The problem: The lines below from the one with "Scopri un mondo" up to and including the one with "江户紫,景天科伽蓝菜属草本植" are what you should set down, exactly and without pictures.

Records from a dataset:
===============

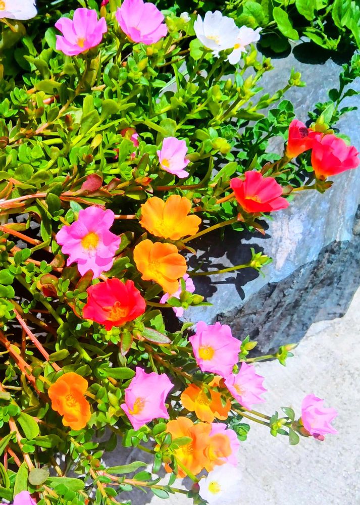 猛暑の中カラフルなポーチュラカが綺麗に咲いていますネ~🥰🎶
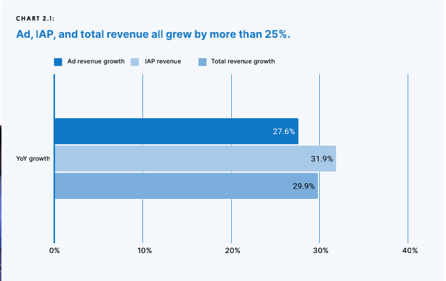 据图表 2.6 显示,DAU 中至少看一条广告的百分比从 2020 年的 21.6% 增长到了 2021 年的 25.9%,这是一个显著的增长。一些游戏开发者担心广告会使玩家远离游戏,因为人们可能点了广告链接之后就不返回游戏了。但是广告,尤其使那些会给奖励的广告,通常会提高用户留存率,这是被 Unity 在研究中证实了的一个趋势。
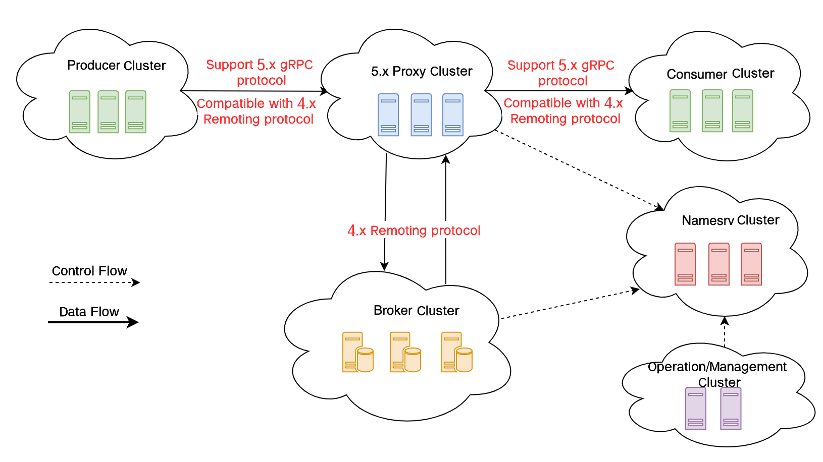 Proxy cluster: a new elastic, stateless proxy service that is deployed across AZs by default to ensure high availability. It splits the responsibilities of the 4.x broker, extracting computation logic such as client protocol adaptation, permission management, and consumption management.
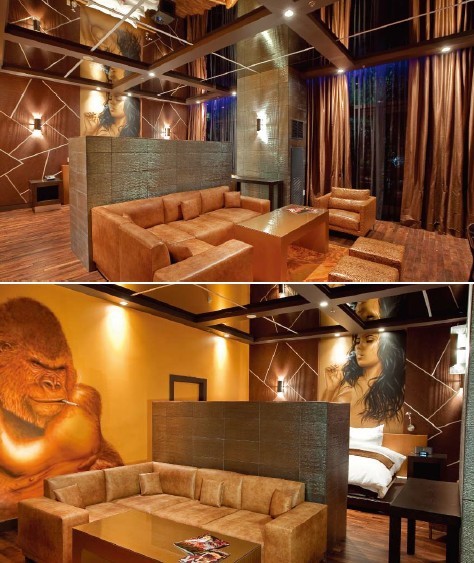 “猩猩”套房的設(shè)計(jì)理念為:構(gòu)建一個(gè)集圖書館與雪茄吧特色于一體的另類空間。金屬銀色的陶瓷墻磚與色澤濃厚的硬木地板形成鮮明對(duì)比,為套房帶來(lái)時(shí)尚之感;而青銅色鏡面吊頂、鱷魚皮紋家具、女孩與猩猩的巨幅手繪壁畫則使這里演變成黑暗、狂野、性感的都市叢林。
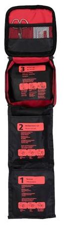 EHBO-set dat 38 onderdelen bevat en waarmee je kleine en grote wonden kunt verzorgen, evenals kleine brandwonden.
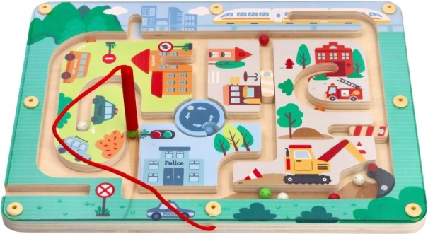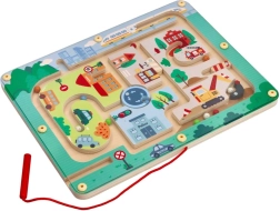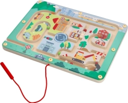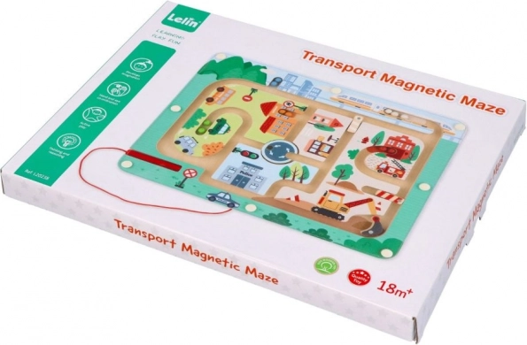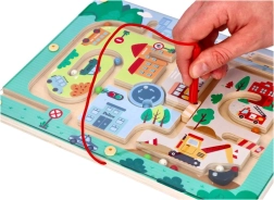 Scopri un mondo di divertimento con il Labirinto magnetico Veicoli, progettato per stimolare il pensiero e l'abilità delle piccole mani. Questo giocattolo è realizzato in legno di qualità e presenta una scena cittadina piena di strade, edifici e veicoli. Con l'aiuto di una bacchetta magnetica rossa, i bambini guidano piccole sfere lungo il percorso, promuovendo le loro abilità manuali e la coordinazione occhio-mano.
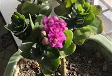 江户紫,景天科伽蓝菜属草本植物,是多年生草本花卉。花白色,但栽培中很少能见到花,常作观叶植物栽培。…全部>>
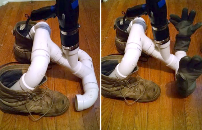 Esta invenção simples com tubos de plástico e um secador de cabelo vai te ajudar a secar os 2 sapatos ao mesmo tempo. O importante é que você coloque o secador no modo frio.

===============

Output for this task:
 Scopri un mondo di divertimento con il Labirinto magnetico Veicoli, progettato per stimolare il pensiero e l'abilità delle piccole mani. Questo giocattolo è realizzato in legno di qualità e presenta una scena cittadina piena di strade, edifici e veicoli. Con l'aiuto di una bacchetta magnetica rossa, i bambini guidano piccole sfere lungo il percorso, promuovendo le loro abilità manuali e la coordinazione occhio-mano.
 江户紫,景天科伽蓝菜属草本植物,是多年生草本花卉。花白色,但栽培中很少能见到花,常作观叶植物栽培。…全部>>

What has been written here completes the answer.